Start of Excerpted data

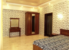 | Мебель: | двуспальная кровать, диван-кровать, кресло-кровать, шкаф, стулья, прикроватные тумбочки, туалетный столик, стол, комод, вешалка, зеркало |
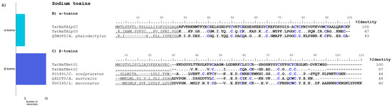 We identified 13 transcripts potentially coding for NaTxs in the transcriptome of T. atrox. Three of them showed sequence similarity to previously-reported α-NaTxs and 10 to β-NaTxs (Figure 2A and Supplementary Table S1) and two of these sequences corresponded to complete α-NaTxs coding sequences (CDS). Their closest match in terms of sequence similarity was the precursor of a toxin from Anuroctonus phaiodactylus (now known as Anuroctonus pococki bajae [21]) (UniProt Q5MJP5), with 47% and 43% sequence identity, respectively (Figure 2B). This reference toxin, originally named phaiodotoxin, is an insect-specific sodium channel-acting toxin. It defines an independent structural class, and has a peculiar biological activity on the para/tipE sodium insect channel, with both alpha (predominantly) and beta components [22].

End of Excerpted data
Start of Excerpted data

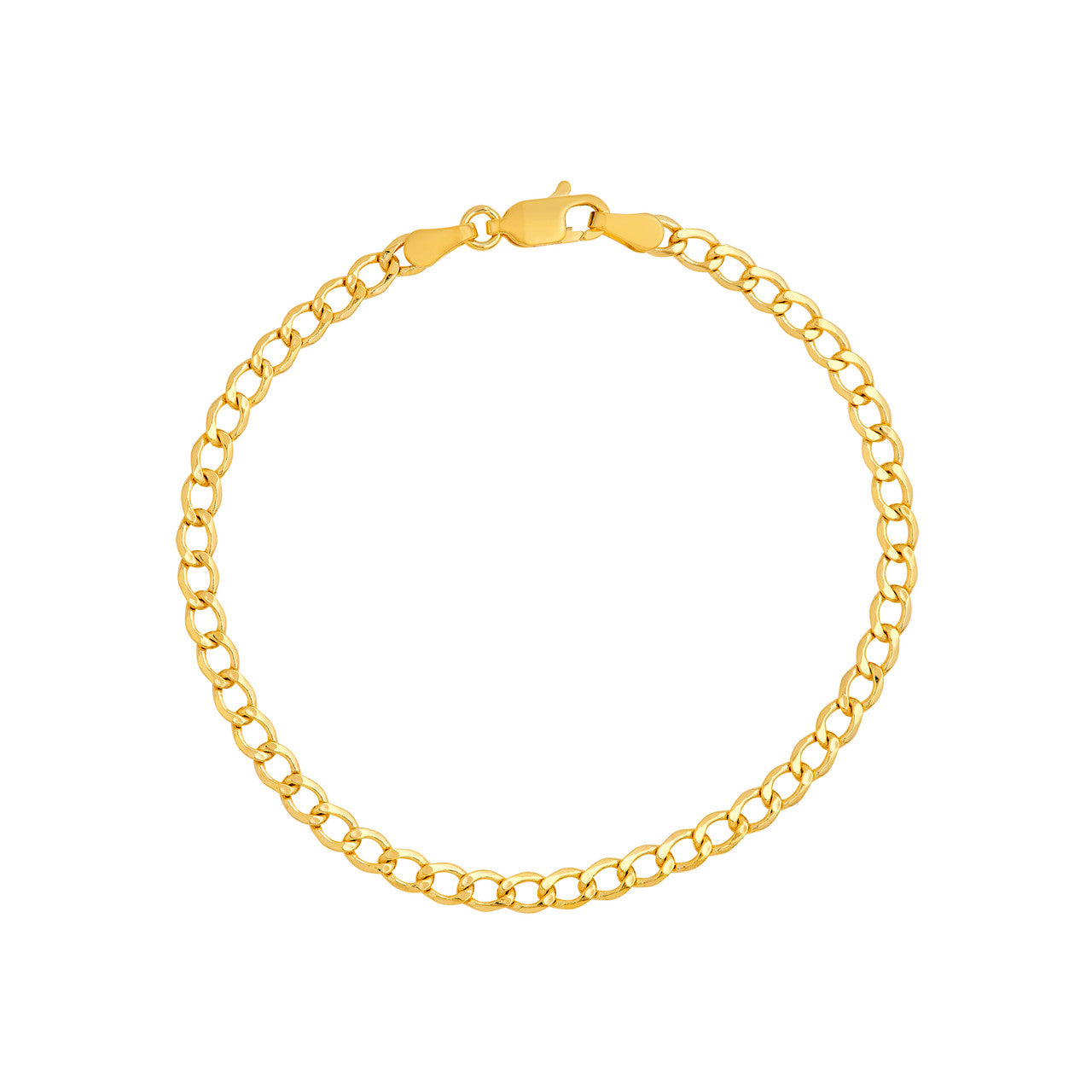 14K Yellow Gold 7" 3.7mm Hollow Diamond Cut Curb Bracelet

End of Excerpted data

### [Problem to work on]
With the pictures omitted, print the lines above exactly, beginning at the line with "вешалка, зеркало |" and going on through the line with "We identified 13".

### [Task output]
 | Мебель: | двуспальная кровать, диван-кровать, кресло-кровать, шкаф, стулья, прикроватные тумбочки, туалетный столик, стол, комод, вешалка, зеркало |
 We identified 13 transcripts potentially coding for NaTxs in the transcriptome of T. atrox. Three of them showed sequence similarity to previously-reported α-NaTxs and 10 to β-NaTxs (Figure 2A and Supplementary Table S1) and two of these sequences corresponded to complete α-NaTxs coding sequences (CDS). Their closest match in terms of sequence similarity was the precursor of a toxin from Anuroctonus phaiodactylus (now known as Anuroctonus pococki bajae [21]) (UniProt Q5MJP5), with 47% and 43% sequence identity, respectively (Figure 2B). This reference toxin, originally named phaiodotoxin, is an insect-specific sodium channel-acting toxin. It defines an independent structural class, and has a peculiar biological activity on the para/tipE sodium insect channel, with both alpha (predominantly) and beta components [22].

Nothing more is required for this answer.